In the meantime, legislators are beginning to pay attention. Congress held a hearing two weeks ago to probe ties between the tech industry and China, though TikTok turned down its invitation to appear. Suspicion of the app has been bipartisan: Sen. Tom Cotton has joined Sen. Marco Rubio and Senate Minority Leader Chuck Schumer in voicing concern that TikTok may be censoring mentions of the ongoing Hong Kong protests.
Yet the loudest criticism of the app has come from its competitors in Silicon Valley, such as Facebook CEO Mark Zuckerberg, who has repeatedly attacked his company’s fastest-growing competitor. In a fiery speech delivered at Georgetown University last month, the billionaire tech tycoon attempted to cast TikTok as an enemy of free speech and a vessel for the Chinese government to spread its authoritarian norms. By Zuckerberg’s estimation, Facebook is the natural great defender of American values, alongside its messaging software WhatsApp. TikTok has fired back, asserting that “The more Mark Zuckerberg has come under scrutiny, the more TikTok has shown up in his speeches, interviews and op-eds. You would have to ask him if this is pure coincidence.”
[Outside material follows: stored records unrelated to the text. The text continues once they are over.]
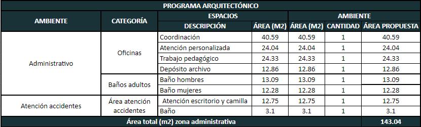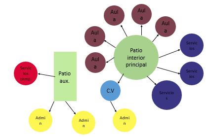 Se plantean tres bloques principales en los cuales se pretende dividir el proyecto dividiéndolo en zona administrativa, de servicios y aulas de clase.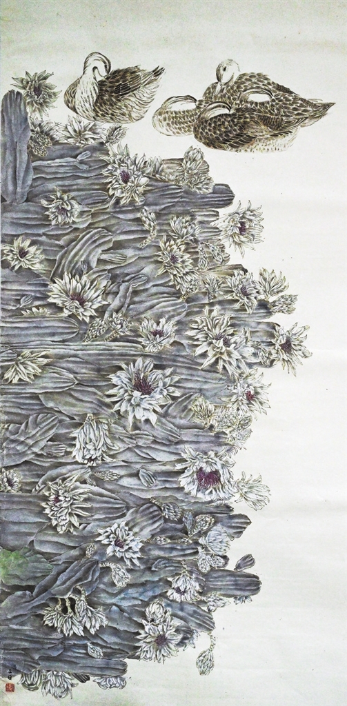 | 国画 《夏日》(心源·新象——赣州市美术家协会第五届国画艺术委员会委员作品展;赣州美术馆;6月) 罗 晶绘 |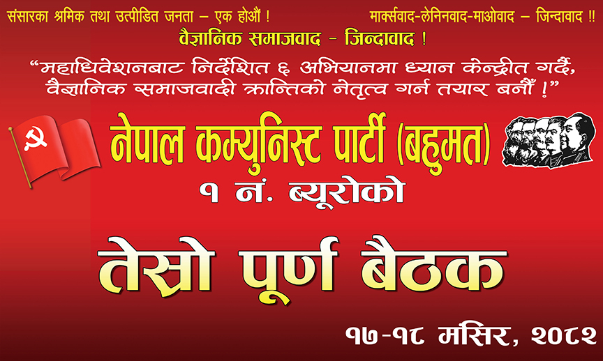 काठमाडौं । नेपाल कम्युनिस्ट पार्टी (बहुमत) १ नम्बर ब्यूरोको तेस्रो पूर्ण बैठक हालै सम्पन्न भएको छ । ब्यूरो इन्चार्ज ‘धमिल’ को अध्यक्षता र केन्द्रीय सचिवालय सदस्य ‘गम्भीर’ को प्रमुख आतिथ्यतामा सम्पन्न बैठकले मुलुकमा देखिएका राजनीतिक, आर्थिक र सामाजिक चुनौतीहरूको समीक्षा गर्दै नयाँ राजनीतिक हस्तक्षेप आवश्यक रहेको निष्कर्ष निकालिएको छ । बैठकका प्रमुख अतिथि गम्भीरले प्रशिक्षणमूलक राजनीतिक मन्तव्य प्रस्तुत गर्दै जेन–जी आन्दोलनको ऐतिहासिक पृष्ठभूमिबारे चर्चा गरे । उनले मुलुकको स्वाधीनता र सार्वभौमसत्तामाथि चुनौतिहरू बढ्दै गएको दाबी गर्दै क्रान्तिकारी शक्तिहरू निर्णायक रूपमा अगाडि बढ्नुपर्ने आवश्यकता औंल्याए । गम्भीरले स्वाधीन संयुक्त सरकार गठन, जनसंविधान निर्माण र देशव्यापी जनसंघर्ष–जनसंवाद अभियानलाई पार्टीको मुख्य राजनीतिक दायित्वका रूपमा अघि सार्ने बताए ।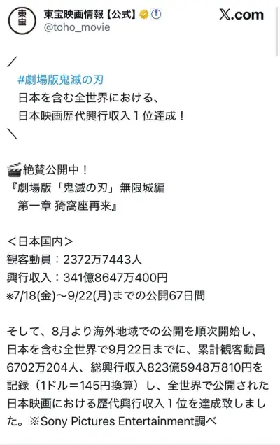 【朗報】鬼滅の刃無限城編、世界で公開された日本映画の歴史興行収入1位になる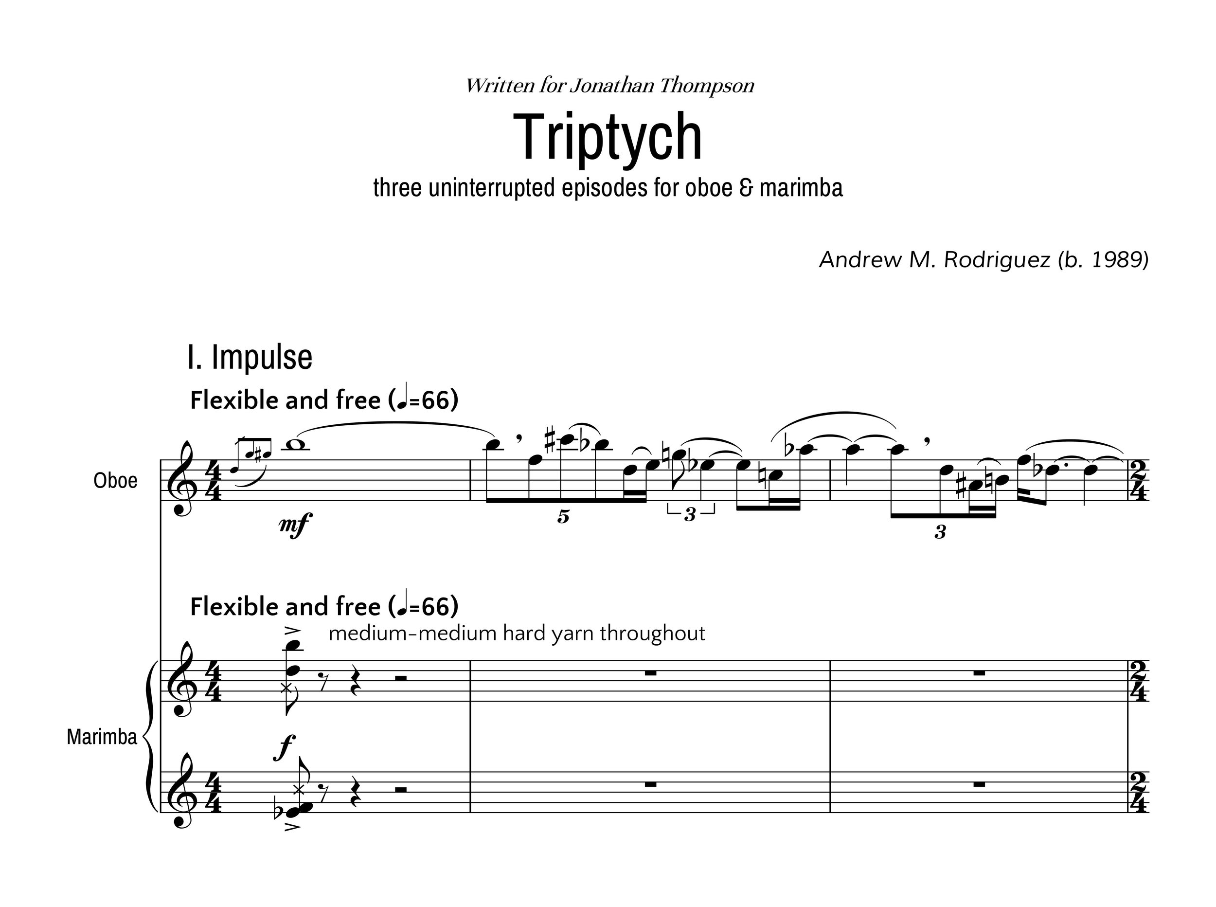 If I’m going to be honest, this piece kicked my ass. But then again, pretty much every piece I write kicks my ass. This one just kicked my ass repeatedly until I virtually had no ass left to get kicked. I didn’t want to write anything that resembled an oboe sonata. I didn’t want to treat the marimba as a keyboard and just rewrite the Poulenc sonata. I struggled to find ways to blend these two extremely different timbres and have them react to one another on the same level, rather than have an accompaniment with a melody. I worked a lot with creating different timbres between the two instruments, while also attempting to write for the performers’ strengths. The idea to write “three uninterrupted episodes” came about because I had pages on pages of sketches for this piece that didn’t exactly go together. While, they didn’t necessarily fit side-by-side, they also weren’t entirely alien to one another. I noticed that every new idea had grown out of a small motive from a previous idea. I just kept taking my favorite parts of each sketch and building new ideas that evolved into their own structure. The final episode, “Growth”, was one of the first sketches I worked on in detail. There are ideas in this episode that helped me create the first episode, which in turn helped to create the second episode. So in the end, the piece takes on a cyclical form that could be repeated ad infinitum.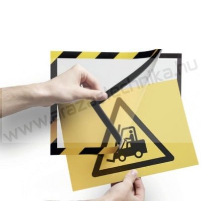 Két szín kombinációval ellátott öntapadó figyelemfelhívó keret mágneses záródással, melyben az információ könnyen és gyorsan cserélhető.

The concern about TikTok from Silicon Valley is certainly cynical. What Zuckerberg failed to mention in his speech is that his company had tried and failed to buy TikTok’s predecessor, a fact that threatens to reframe his warnings as nothing more than attempts to use government power to suppress a potent rival. Facebook is also currently enduring its own share of congressional scrutiny over accusations of monopoly and user privacy violations and will do whatever it can to divert the gaze of lawmakers.
But Congress need not prosecute one case at the expense of the other. This is the view of Sen. Josh Hawley, who has positioned himself as Big Tech’s nemesis on Capitol Hill. Hawley chaired the hearing on TikTok not long after he introduced a bill to regulate addictive social media features with Twitter and Facebook in mind. As he put it to reporters, “Thankfully, they’re not the Communist Chinese government, but I don’t know that they’re exactly good actors, either.”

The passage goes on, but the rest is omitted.